**WHAT NEEDS TO BE DONE**
What are the lines, copied exactly, from the one containing "A white button-shaped" through the final line of the material? Leave the pictures out.

┌──

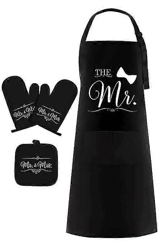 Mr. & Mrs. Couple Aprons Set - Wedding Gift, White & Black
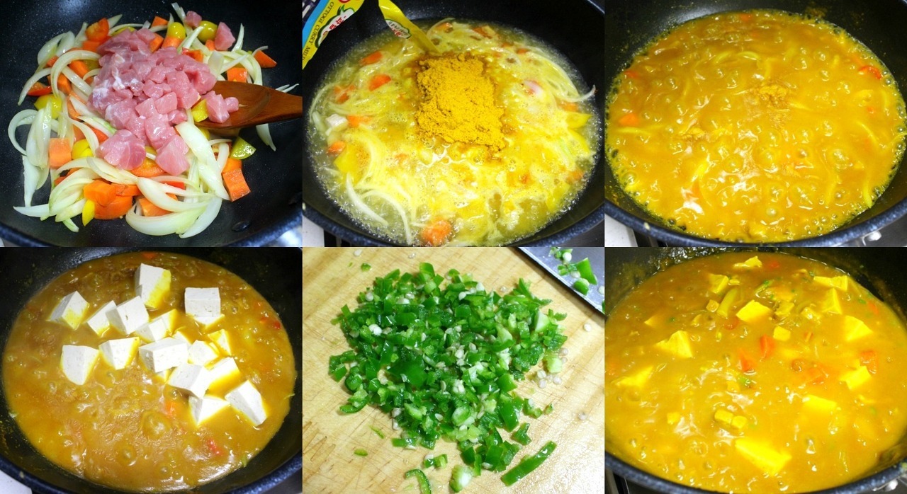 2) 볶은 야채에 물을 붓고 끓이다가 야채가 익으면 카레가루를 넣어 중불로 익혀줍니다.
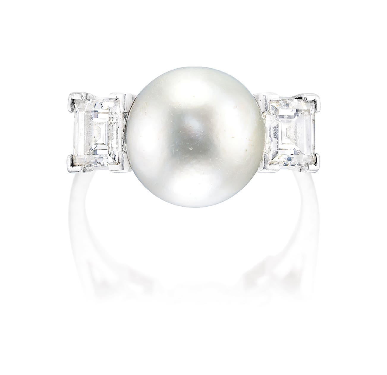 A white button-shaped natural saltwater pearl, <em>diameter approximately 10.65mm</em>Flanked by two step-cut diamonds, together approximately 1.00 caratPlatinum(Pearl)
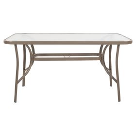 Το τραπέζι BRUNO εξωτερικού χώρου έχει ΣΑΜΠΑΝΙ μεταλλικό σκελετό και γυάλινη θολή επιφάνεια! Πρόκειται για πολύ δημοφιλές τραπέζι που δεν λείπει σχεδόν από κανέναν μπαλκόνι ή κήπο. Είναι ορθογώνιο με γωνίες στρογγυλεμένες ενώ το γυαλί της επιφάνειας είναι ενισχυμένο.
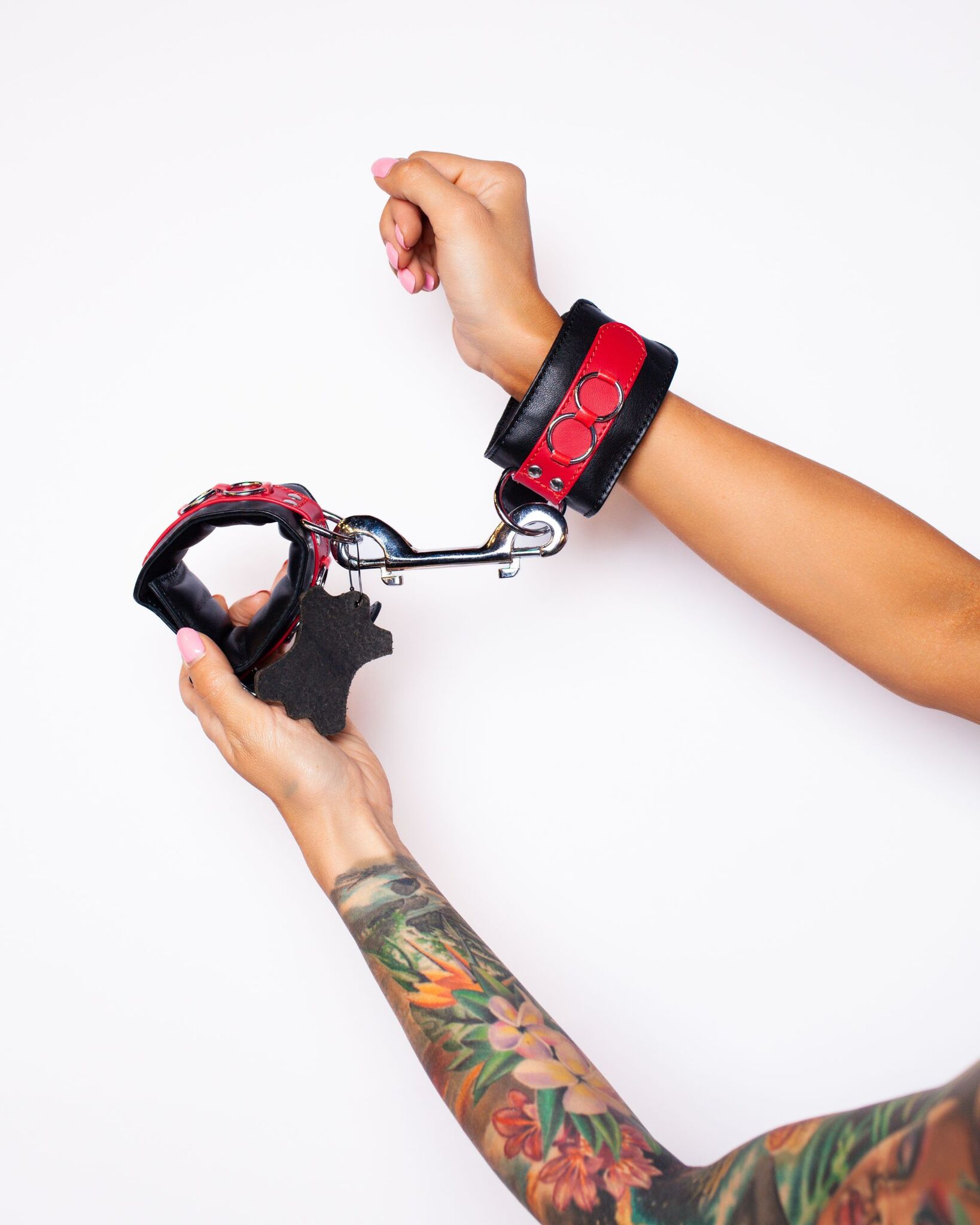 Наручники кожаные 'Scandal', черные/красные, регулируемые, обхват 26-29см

└──

**ANSWER SPACE**
 A white button-shaped natural saltwater pearl, <em>diameter approximately 10.65mm</em>Flanked by two step-cut diamonds, together approximately 1.00 caratPlatinum(Pearl)
 Το τραπέζι BRUNO εξωτερικού χώρου έχει ΣΑΜΠΑΝΙ μεταλλικό σκελετό και γυάλινη θολή επιφάνεια! Πρόκειται για πολύ δημοφιλές τραπέζι που δεν λείπει σχεδόν από κανέναν μπαλκόνι ή κήπο. Είναι ορθογώνιο με γωνίες στρογγυλεμένες ενώ το γυαλί της επιφάνειας είναι ενισχυμένο.
 Наручники кожаные 'Scandal', черные/красные, регулируемые, обхват 26-29см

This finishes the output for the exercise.